Он выбежал наружу и остановился, жмурясь от ослепительного блеска, который ударил ему в глаза.
Он был совершенно голым, мокрым от пота. Его сознание окутывал туман, в котором шевелились обрывки сновидений.
Он услышал рев, словно рев толпы, и заморгал, стараясь свыкнуться с ярким светом.
На некотором расстоянии перед ним высилась темная фигура. Охваченный яростью, он ринулся на нее, сам не зная почему.
Его босые ноги наступали на горячий песок, но он не замечал боли, готовый к нападению.
Где-то в сознании всплыл вопрос «зачем?», но он не стал задумываться.
Тут он остановился.
Перед ним стояла, маня, приглашая, нагая женщина, и в его чреслах вспыхнуло нежданное пламя.
Он повернул чуть влево и двинулся к ней.
Она удалялась танцующей походкой.
Он побежал быстрее, но в тот миг, когда он уже почти обнял ее, его правое плечо обожгло пламя, и она исчезла.
Он взглянул на свое плечо: в него вонзился алюминиевый дротик, и по руке струилась кровь. Вновь раздался рев.
…И она появилась снова.
Он опять погнался за ней, и его левое плечо обжег нежданный огонь. Она исчезла, а он стоял, содрогаясь, потея, щурясь от блеска.
«Это трюк, — решил он. — Не играй в эту игру!»
Она появилась вновь, но он остался стоять, не глядя на нее.
Пламя за пламенем обжигало его, но он упрямо стоял, пытаясь собраться с мыслями.
Вновь появилась темная фигура футов семи высотой, с двумя парами рук.
В одной она что-то держала. Не будь освещение таким слепящим, он, пожалуй, мог бы…

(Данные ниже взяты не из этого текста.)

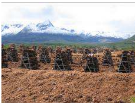
Tourbière en cours d'exploitation près d'Ushuaia, Terre de Feu, photo F. Muller

L'analyse pollinique d'une tourbière datant de l'Holocène, située dans la vallée d'Andorra, Terre de Feu, a permis d'établir pour cette période les variations du climat et du type de végétation. Les analyses montrent qu'à partir de 9500 av J.C. dominait un paysage de steppes relativement sec où l'on trouvait de rares arbres ( Nothofagus ). Cette période fut suivie d'un environnement, toujours de type « steppe », bénéficiant d'un climat sec et tempéré. A partir de 5000 av J.C, en raison de la diminution des températures et de l'augmentation de l'humidité, la forêt de hêtres austraux Nothofagus s'établit et les tourbières commencent à se former.

Но темная фигура вызвала в нем такую ненависть, что он ринулся на нее.
Боль хлестнула его по боку.
Погодите! Да погодите же!
«Безумие! Это какое-то безумие! — сказал он себе, обретая свою личность. — Это же арена, я человек, а темная фигура — нет. Что-то не так!»
Он опустился на четвереньки, выигрывая время. И зажал песок в обоих кулаках.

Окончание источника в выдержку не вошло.